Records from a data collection
------------------------------

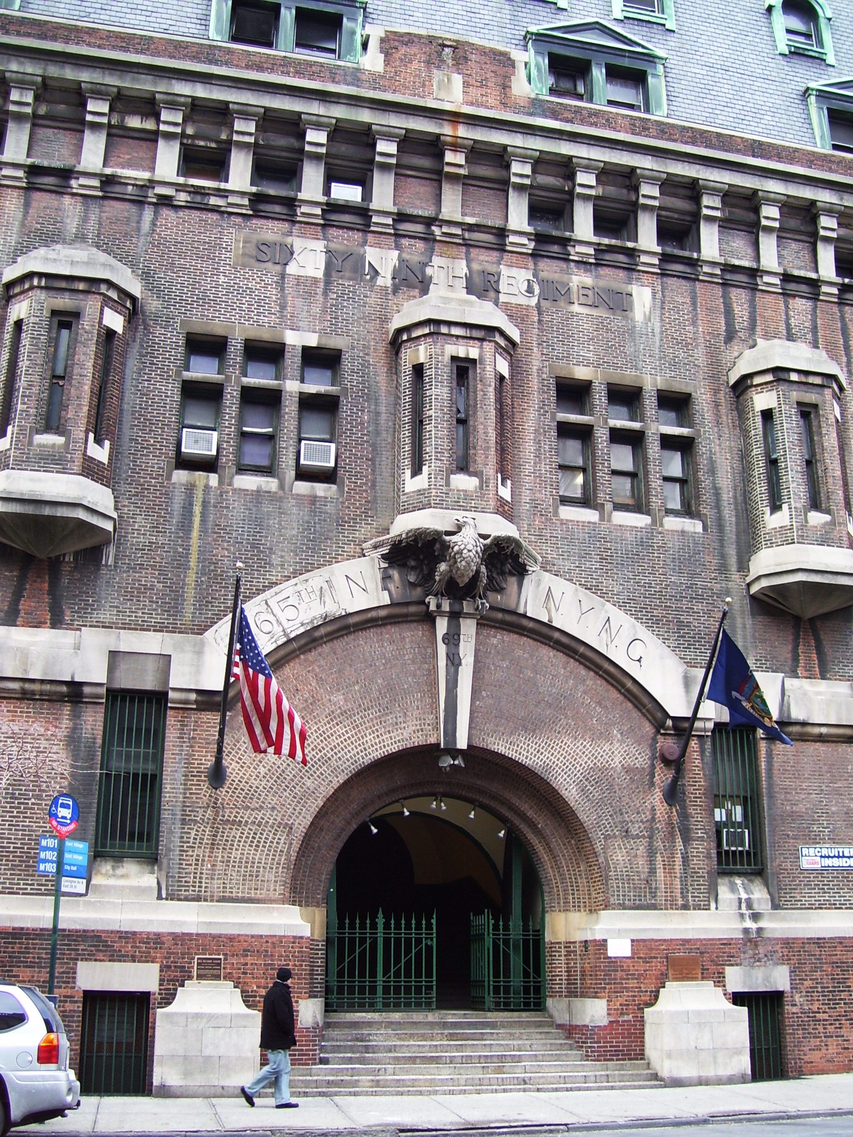 미국 남북 전쟁 이후, 뉴욕 주 정부는 각 카운티에 자원 연대를 위한 무기고 건설을 의무화했다.[26] 1884년 뉴욕시 무기고 위원회 설립 전, 맨해튼에는 어퍼 이스트 사이드의 제7연대 무기고만 있었다.[26][29][30][31] 따라서 대부분의 자원 연대는 공공 시장이나 임대 건물 로프트 등에서 훈련했다.[26]
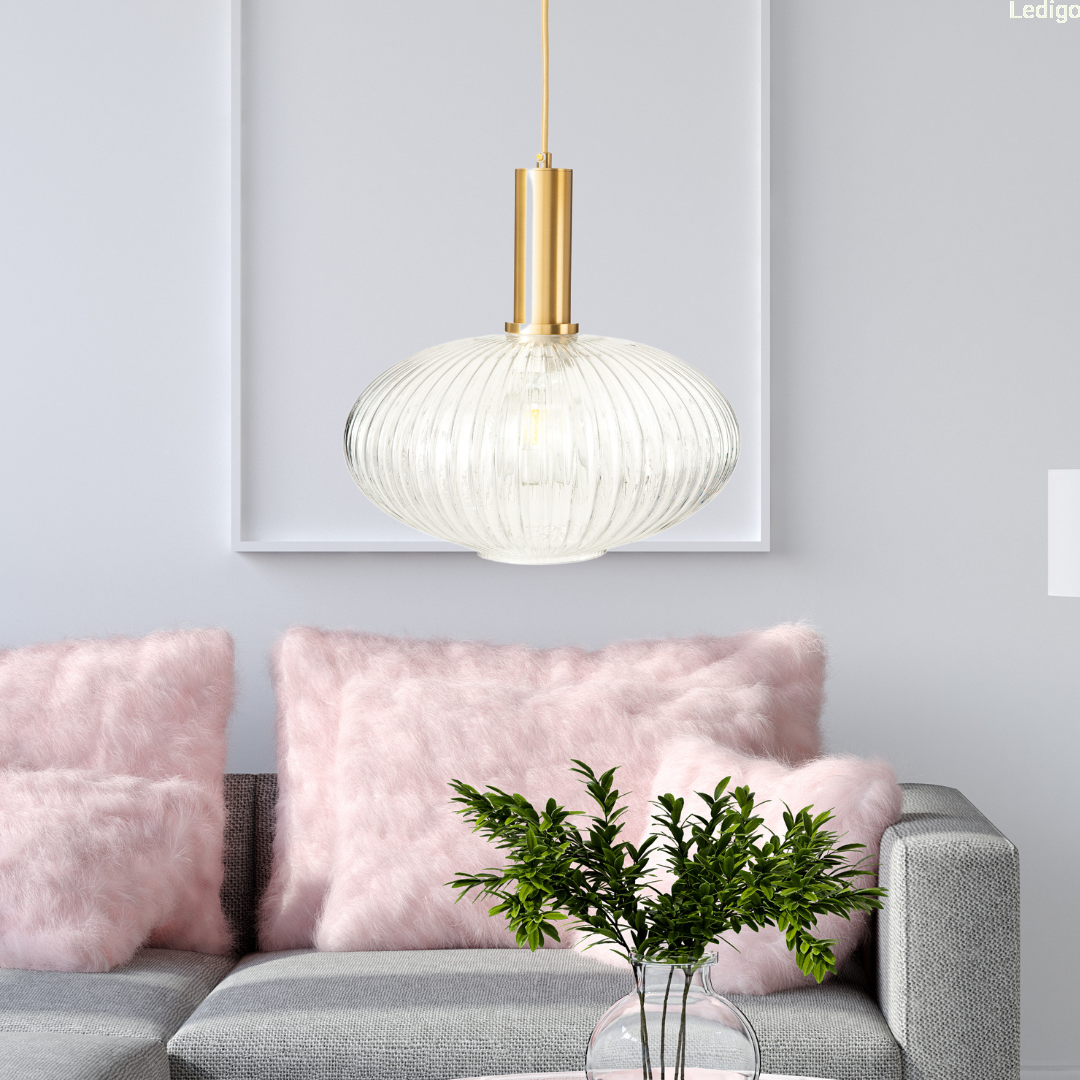 Prezentowaną lampę wyróżnia lustrzany blask i ryflowana forma (falowane szkło)
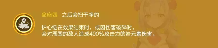 E护盾消失时(自动消失或者被打破)会基于当前攻击力造成400%攻击力的岩伤。开大状态下炸盾伤害还不错。
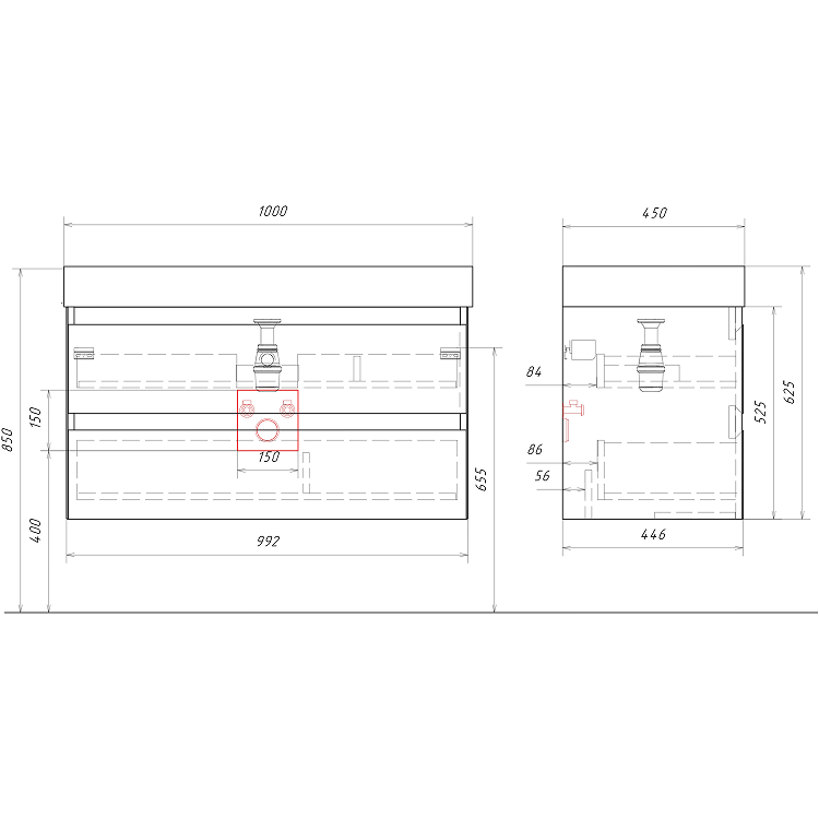 Подвесная тумба 100 см
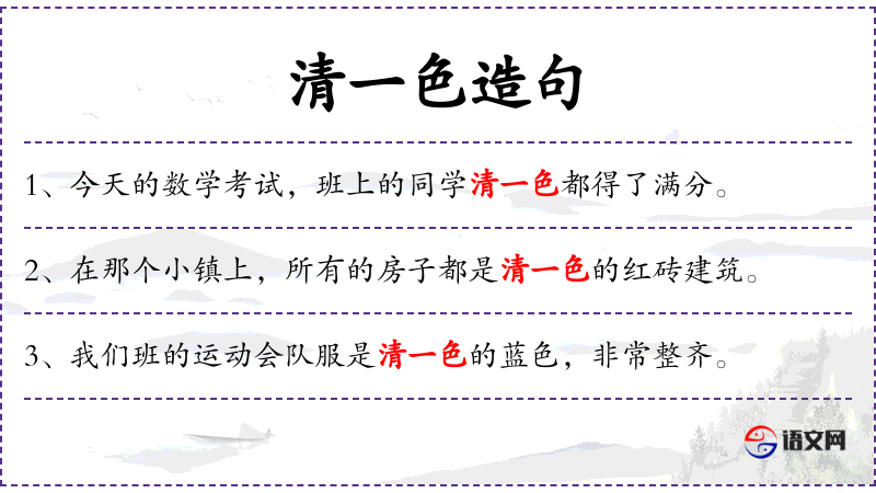 1. 【清一色】 - 原指打麻将时由一种花色组成的一副牌。后比喻全部由同一种成分构成。

------------------------------

=== TASK DETAILS ===
Here the records must be restated exactly, minus any images.

=== EXPECTED ANSWER ===
 미국 남북 전쟁 이후, 뉴욕 주 정부는 각 카운티에 자원 연대를 위한 무기고 건설을 의무화했다.[26] 1884년 뉴욕시 무기고 위원회 설립 전, 맨해튼에는 어퍼 이스트 사이드의 제7연대 무기고만 있었다.[26][29][30][31] 따라서 대부분의 자원 연대는 공공 시장이나 임대 건물 로프트 등에서 훈련했다.[26]
 Prezentowaną lampę wyróżnia lustrzany blask i ryflowana forma (falowane szkło)
 E护盾消失时(自动消失或者被打破)会基于当前攻击力造成400%攻击力的岩伤。开大状态下炸盾伤害还不错。
 Подвесная тумба 100 см
 1. 【清一色】 - 原指打麻将时由一种花色组成的一副牌。后比喻全部由同一种成分构成。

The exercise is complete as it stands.